In an embodiment, the high-k dielectric layer HK may be conformally formed. For example, the thickness of the high-k dielectric layer HK in the horizontal direction may be substantially the same as the thickness of the high-k dielectric layer HK in the vertical direction.

According to various embodiments, since the horizontal portion TPO of the internal spacer IS has a relatively small thickness TK1, each of the first, second, and third internal regions IRG1, IRG2, and IRG3 may be provided therein with an internal gate space IGE, which IS a space sufficiently filled with a gate electrode GE to be discussed below. In various embodiments, the vertical portion SPO and the corner portion CPO may be formed to have relatively large thicknesses TK2 and TK3, respectively, compared to the first thickness TK1, and thus may be able to reduce leakage current of the transistor and improve electrical properties of the device.
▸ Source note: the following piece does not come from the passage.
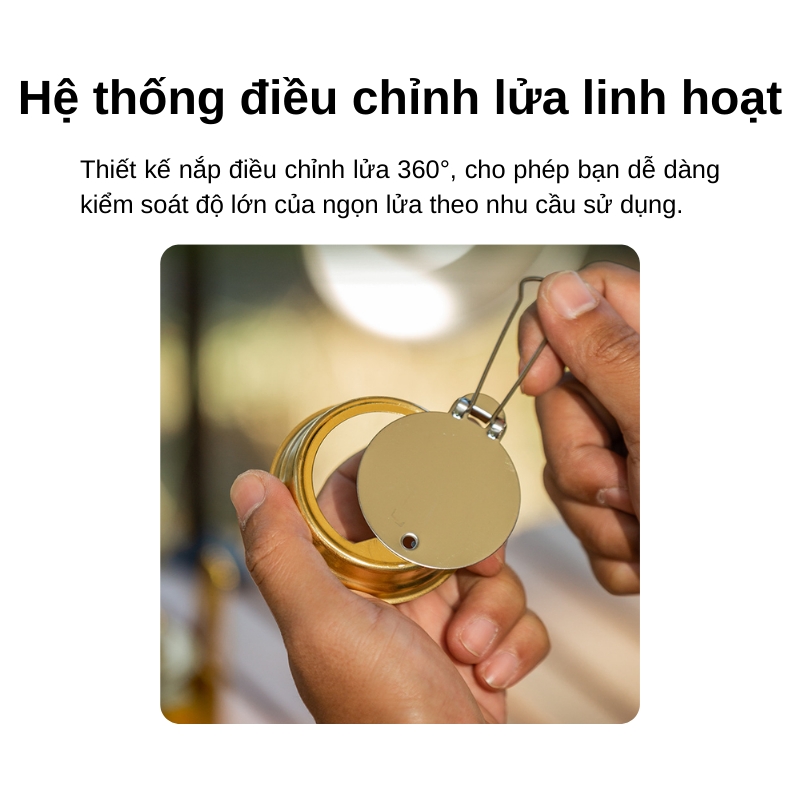 | Điều chỉnh lửa | Nắp xoay 360° kiểm soát ngọn lửa |

Referring back to fig. 12A to 12C, a gate electrode GE may be formed on the gate dielectric layer GI. The gate electrode GE may include first, second, PO2, and third portions PO1, second, PO2, and PO3 formed in the first, second, and third internal regions IRG1, IRG2, and IRG3, respectively, and may further include a fourth portion PO4 formed in the external region ORG. The first portion PO1, the second portion PO2, and the third portion PO3 may fill the corresponding internal gate space IGE of fig. 17. The gate electrode GE may be recessed to have a reduced height. A gate cap pattern GP may be formed on the recessed gate electrode GE.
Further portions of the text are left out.